Basic Res Cardiol. 1992 Nov-Dec;87(6):600-9. doi: 10.1007/BF00788670.
Quinidine and flecainide, two class-I antiarrhythmics increase action potential duration (APD) at 90% repolarization and cellular refractory period in human atrial fibers without significant change in resting potential. On the other hand, quinidine decreases APD at 50%, whereas flecainide slightly increases, which suggests different effects on Ca2+ current. Using isolation cell procedure and whole cell recording, we found that 10 microM quinidine (34.77 +/- 6.5%, n = 5) and 0.5 microM flecainide (50.46 +/- 6.2%, n = 4) decrease calcium current in human atrium. It is concluded that, at therapeutical concentrations, quinidine and flecainide modify the action potential plateau phase in a different manner, which is not only related to the calcium current decrease.
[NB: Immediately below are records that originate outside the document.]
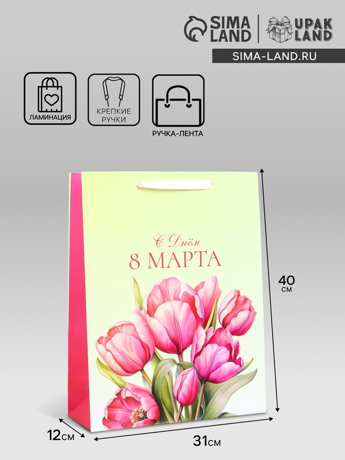 Пакет подарочный ламинированный вертикальный «С 8 Марта», L 31 × 40 × 12 см
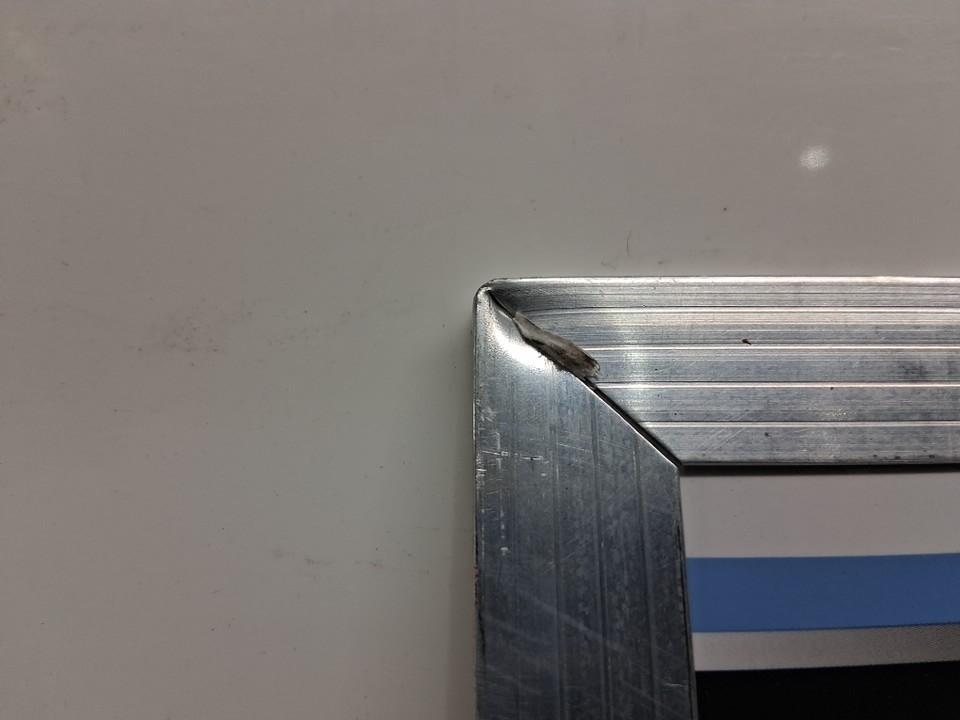 There is a small bend/dent in the top left corner from shipping- there are also some light marks/scuffs on the board from shipping (see photos)
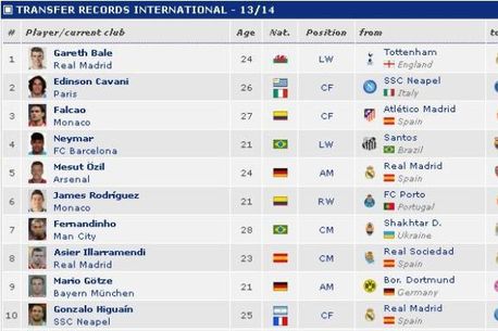 Ca o comparație cu ce se întâmpla cu zece ani în urmă cel mai scump transfer din sezonul 2003-2004 era trecerea lui David Beckham de la Manchester United la Real Madrid pentru 37,5 milioane de euro. Acum, în sezonul 2013-2014 ultimul transfer din TOP 10 cele mai scumpe mutări este achiziționarea lui Higuain de către Napoli pentru 37 de milioane.
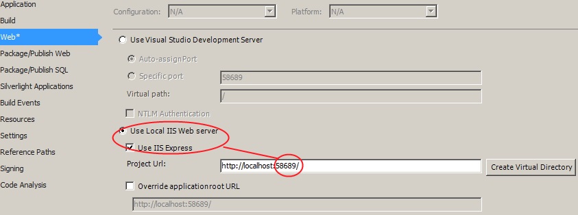 在我看来,选择使用本地IIS服务器更接近于“活动”环境。只需取消“使用IIS Express”设置。
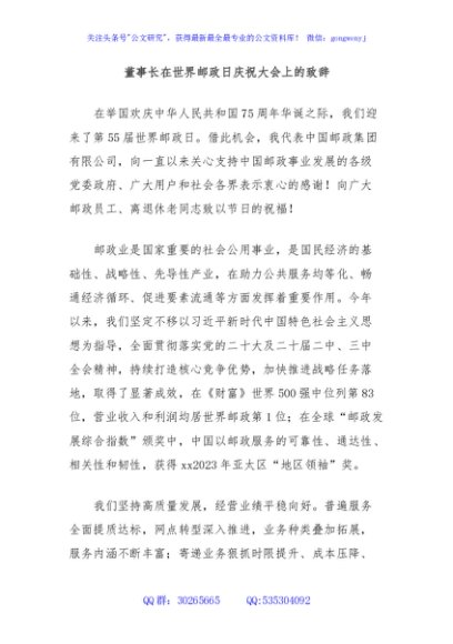 / 董事长在世界邮政日庆祝大会上的致辞
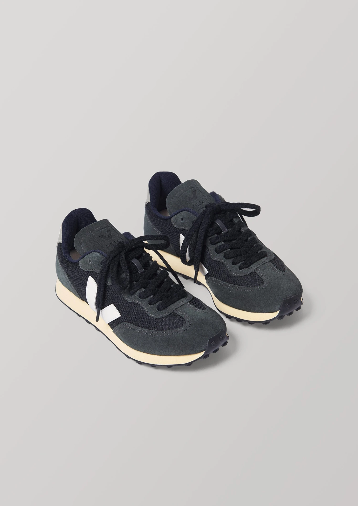 Upper: Alveomesh (100% recycled plastic bottles). Panels: Suede & leather. V: Rubber & 22% rice waste. Midsole: 52% sugar cane. Outsole: 12% Amazonian rubber & 30% rice waste. Insole: Sugar cane, Amazonian rubber, recycled EVA & organic cotton. Lining: Tech (100% recycled plastic bottles). Laces: 100% organic cotton

奎尼丁和氟卡尼这两种I类抗心律失常药可增加人类心房纤维在90%复极化时的动作电位时程(APD)和细胞不应期,而静息电位无显著变化。另一方面,奎尼丁可降低50%的APD,而氟卡尼则略有增加,这表明它们对钙电流有不同影响。采用细胞分离技术和全细胞记录方法,我们发现10微摩尔/升的奎尼丁(34.77±6.5%,n = 5)和0.5微摩尔/升的氟卡尼(50.46±6.2%,n = 4)可降低人类心房的钙电流。得出的结论是,在治疗浓度下,奎尼丁和氟卡尼以不同方式改变动作电位平台期,这不仅与钙电流降低有关。